DEAR AGENCY, I Remember You Well.

Dear Translation and Interpreting Agency,

At 7:00 this morning your office called me for a last minute “pop up” assignment for this afternoon or as you called it “an emergency” because another interpreter had backed out of a deposition. I was headed to a prove up hearing and I called you back as soon as I had parked at the courthouse. I quickly told you I would be available and to please send me the notice by email and I’d confirm once I got out of court. Your scheduler said she had my email address. Your company name rang a bell, and over the next hour, it gnawed at me, sounding more like a warning siren for a tornado.

As soon as I got back to my office I looked your name up in my files and sure enough you were there, in bright, bold red lettering – on my Restricted Agency List. And there was the report on you. We had history a few years back. You were scheduling me for work but you weren’t paying me on time, and you didn’t pay my late fees when you paid three months late. Yes, you had received, acknowledged, and agreed to my rates and terms in writing. You did not reply to and erased emails, then you avoided phone calls. I called colleagues in your state and learned you had several complaints from interpreters there. When I used a different phone, I finally spoke to the owner, and she was condescending and rude. She dismissed my request for payment saying,” she would pay me when she got around to it.”Longhorn reciprocal scan0001

I won’t work for you. I’m turning you down. You don’t respect subcontractors. We do the work you count on us to do and we count on you to pay us fairly and honestly. We are the fuel that keeps your business running. We expect you to manage your business professionally too.
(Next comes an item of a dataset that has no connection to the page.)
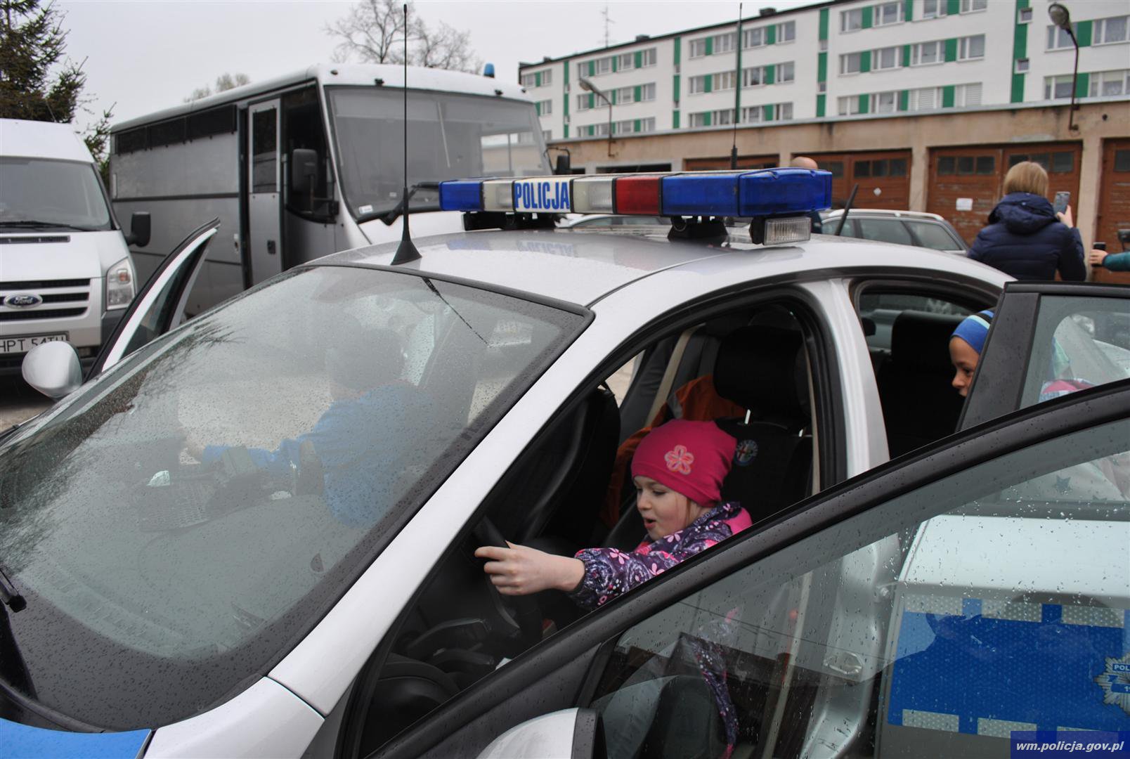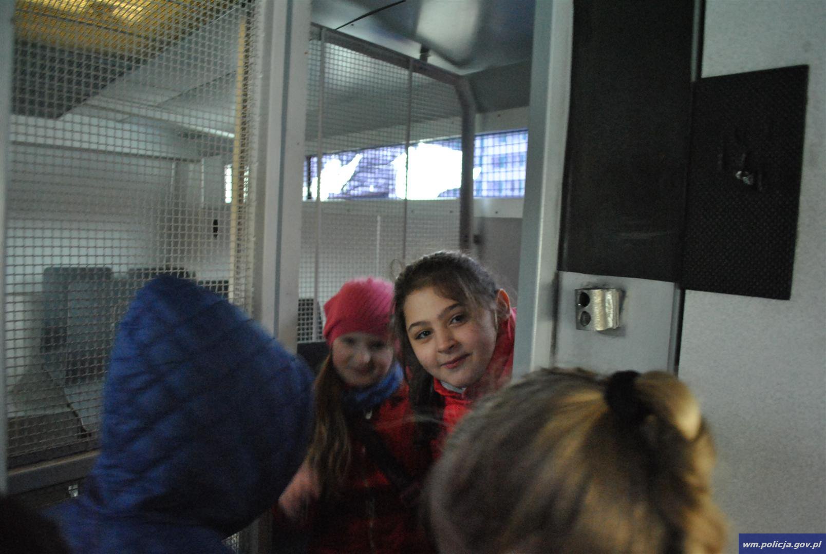 Dzieci wyczekiwały momentu kiedy będą mogły wsiąść do radiowozu drogówki. Uczniowie zobaczyli quad, który funkcjonariusze wykorzystują do służby w trudnym terenie, dzieci mogły też wsiadać na motocykl i obejrzeć go z każdej strony. Kolejki ustawiały się do każdego z prezentowanych pojazdów. Dzięki życzliwości policjantów z Wydziału Konwojowego dzieci miały możliwość sprawdzenia jak i czym przewozi się osoby pozbawione wolności, obejrzały autobus konwojowy. Kolejne drzwi, które otworzyły się przed dziećmi pokazały im jak wygląda policyjny areszt, nikt z nich nie chciał w nim zostać na dłużej...

Most probably that is the same reason the other interpreter backed out. And this is the consequence of your incompetence. You will hear “No” from the professional, licensed, and certified interpreters either because you disrespected them or they heard about your practices. You will have to send unskilled bilinguals on jobs because they will and not know how to expect to be treated right but they won’t know how to perform professionally either. Witnesses will lose the right to have their testimony heard due to the errors, which should matter above all else. Your clients will see their ineptitude and you will lose more and more clients.

Now, in the spirit of generosity, if you want to stay in this business, I will tell you how you can turn this around. You know who you have treated unfairly. Contact them and acknowledge your mistakes, apologize and make amends. Pay the full, agreed to payments that you owe. Be the better person and include interest. Prove that you know how to treat us respectfully. Then you can rejoin the ranks of the agencies for whom we gladly give our best efforts.

Sincerely yours,

The Freelance Interpreter.

One thought on “DEAR AGENCY, I Remember You Well.”
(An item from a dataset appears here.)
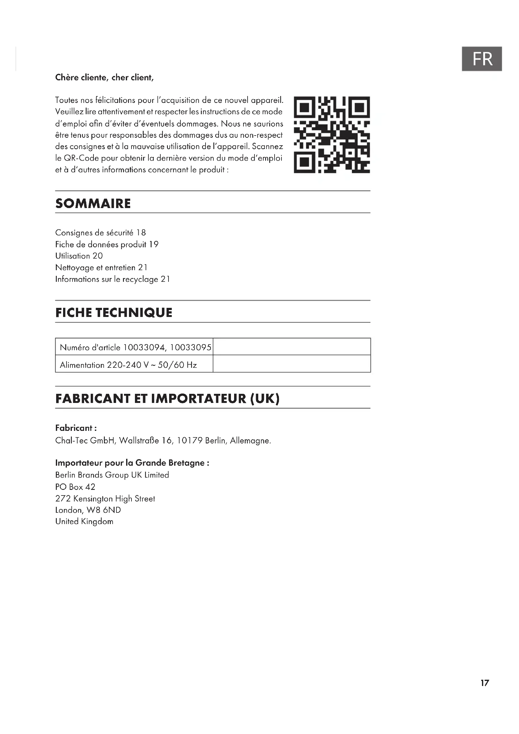 Chère cliente, cher client, Toutes nos félicitations pour l’acquisition de ce nouvel appareil. Veuillez lire attentivement et respecter les instructions de ce mode d’emploi an d’éviter d’éventuels dommages. Nous ne saurions être tenus pour responsables des dommages dus au non-respect des consignes et à la mauvaise utilisation de l’appareil. Scannez le QR-Code pour obtenir la dernière version du mode d‘emploi et à d‘autres informations concernant le produit : SOMMAIRE Consignes de sécurité18 Fiche de données produit19 Utilisation20 Nettoyage et entretien21 Informations sur le recyclage21 FICHE TECHNIQUE Numéro d'article 10033094, 10033095 Alimentation 220-240 V ~ 50/60 Hz FABRICANT ET IMPORTATEUR (UK) Fabricant : Chal-Tec GmbH, Wallstraße 16, 10179 Berlin, Allemagne. Importateur pour la Grande Bretagne : Berlin Brands Group UK Limited PO Box 42 272 Kensington High Street London, W8 6ND United Kingdom18

  1. UPDATE About a half an hour after I turned down the job, all my phones started ringing. I was called by both the law firm and the court reporter hunting for an interpreter. They were fuming over ‘damn out of state agencies” They committed to my rates and terms, they said my rates were lower than yours and yet I was earning more than you would pay me. The job was respectful and professional and I gained two new clients. Looks like you , agency, ran out of freelancers that would work with you and you lost that job and the client. This isn’t just one event. This is happening all over the country when agencies disrespect the freelancer in payment and fair contracting.